Однажды Матичу пришло в голову по случаю пятнадцатилетия своего венчания устроить домашнее торжество и пригласить на него Милоша и Никицу. Так Милош получил возможность познакомиться с его семьей, женой и двумя тихими, похожими друг на друга детьми – мальчиком тринадцати лет и девочкой четырнадцати, – которые наблюдали за ними из угла серьезными глазами. Матич рассказывал о школьных успехах детей, похлопывал жену по плечу, называя ее «моя старуха», а она, восприняв неожиданную затею мужа отметить эту дату в семейном кругу как знак внимания к ней (и может быть – бог знает в который раз, – как обещание исправиться), зардевшаяся от удовольствия, легко носилась из кухни в столовую, вынося все новые кушанья и потчуя гостей. Милош заметил, что она полна гордости и любви к своему мужу. Укоряющим тоном, в котором, однако, слышалось желание оправдать и поднять мужа в глазах гостя, она говорила:
– Хозяин-то мой, он бы горы свернул – только захоти! Знали бы вы, какие возможности ему открывались! И адвокатскую контору мог бы иметь, и заведующим канцелярией быть, и в банке – только выбирай! Звали, даже упрашивали, только приходи.

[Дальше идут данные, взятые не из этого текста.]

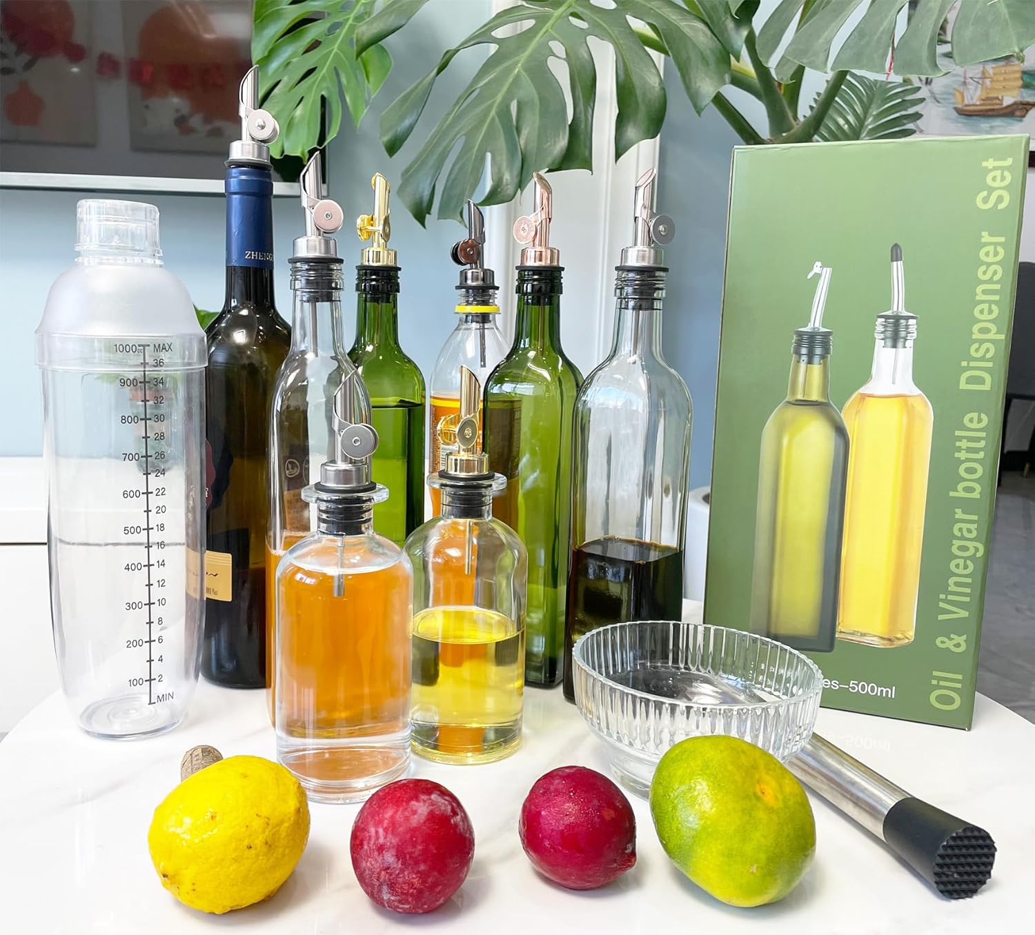 - Speed Pourers and Consistent Free Flow Pourers: Our liquor bottle pourers tubing has been engineered widened to deliver a fast, consistent flow of oil or other liquids. You can easily control pouring with just one hand, less spillage and mess. the oil dispenser spout ideal for salads, grilled chicken breast, pizza toppings or mixing cocktails,allowing you to enjoy the thrill of easy cooking and bartending.

Ох, мог бы он, мог, кутилка проклятый, – и она дергала мужа за вихор, – кабы не такой несговорчивый…
Милош чувствовал, что ей льстит его дружба с мужем и она, вероятно, смутно надеется на его влияние.
– Ну ладно, ладно, заладила! – протестовал Матич против комплиментов жены с застенчивостью, скрываемой под напускной суровостью. А Никица со своей стороны, желая остановить эту женскую болтовню и освободить Милоша, восклицал:
– Ах, оставьте, госпожа Боса, что вы пристаете к человеку!
Когда настроение за столом стало более благодушным, Матич в сотый раз поведал историю своего отстранения от должности. Причин он почти не касался, быстро и легко перескакивая их, с брезгливостью человека, который не желает ворошить гнусности и низости, жертвой которых он пал, но зато на самой процедуре дисциплинарного взыскания он задержался надолго. Оказывается, бумаги благодаря его ловкости и остроте аргументации уже почти два года путешествуют от низших инстанций к высшим и наоборот. Бия себя кулаком в грудь, Матич выкрикивал:
– Все равно я заставлю их отменить решение! Все равно! Они еще узнают, кто такой Миле Матич! Ох, и в жесткий переплет они у меня попали, сударь мой, по самое горло увязли. Ох… чего бы они теперь не дали, чтобы выпутаться! Ан нет! Теперь я не отступлюсь!
А его супруга, хотя ей и хотелось, чтобы подобные способности мужа побольше приносили пользы для дома, все же была удовлетворена, пусть с моральной точки зрения, в глубине души гордясь, что у нее такой муж. Дети молча смотрели из угла, и Милошу становилось не по себе под их пристальными взглядами.